What is unique about the fatigue associated with cortisol levels? People who have low cortisol often speak of a pattern: They have relatively decent or somewhat better energy level in the morning, and then as the day goes on, they tend to have lower amounts of energy. The common description patients often mention is, “I run out of gas by mid or late afternoon.” Depending on the cause or the concern or the adrenal problem, patients with low cortisoloften have associated symptomatology. It is our job, as physicians, to try to elicit these symptoms. One of them, particularly in women before menopause, is the loss of hair in the pubic area and the axilla and a decrease in libido, even though they may still be menstruating. This is a very common feature in people who have adrenal problems. One of the characteristic features in adrenal diseases is, before people lose the function of the glucocorticoids, specifically cortisol, their body loses androgen first. In women with a low cortisol, nine out of 10, if not all of them, would have already lost their adrenal androgen before that. By exam or by history, one can elicit this very easily.

We also must look at family history, specifically, problems with autoimmune process.

Many things can interfere with cortisol measurements, particularly any medications a person is taking, such as an inhaled glucocorticoid, injected or cream steroids. A common example that is often overlooked is the use of an oral contraceptive, which could give you a falsely elevated cortisol level. Chronic opioid use is a consistent cause of adrenal dysfunction or insufficiency. The important thing is if you were to measure the cortisol level, please appreciate its limitations and interpret the value with caution.
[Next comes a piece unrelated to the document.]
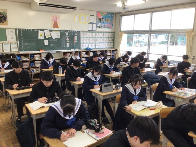 2月10日(火)最後の定期テストがんばるよ1 公開日 2026/02/11 更新日 2026/02/11 お知らせ 12日(木)から、1・2年生は今年度最後の定期テストとなる「学年末テスト」が始まります(12木・13金・16月の3日間、3年生は13金から2日間の卒業テスト)。写真はテスト勉強に励む2年生です。今回のテスト勉強を通して、今年度の学習内容をしっかりと身につけていきましょう。

For a long time, I have also advocated for measuring the main adrenal androgen, dehydroepiandrosterone, when one suspects an adrenal problem. The test is exquisitely sensitive to adrenal dysfunction. Anytime that test is normal, you can safely say there is no adrenal insufficiency. That said, I would not perform that test alone but in conjunction with cortisol testing, knowing that measurement of cortisol has its own limitations.

Baha M. Arafah, MD, is division chief of clinical and molecular endocrinology and professor of medicine at Case Western Reserve University. Disclosure: Arafah reports no relevant financial disclosures.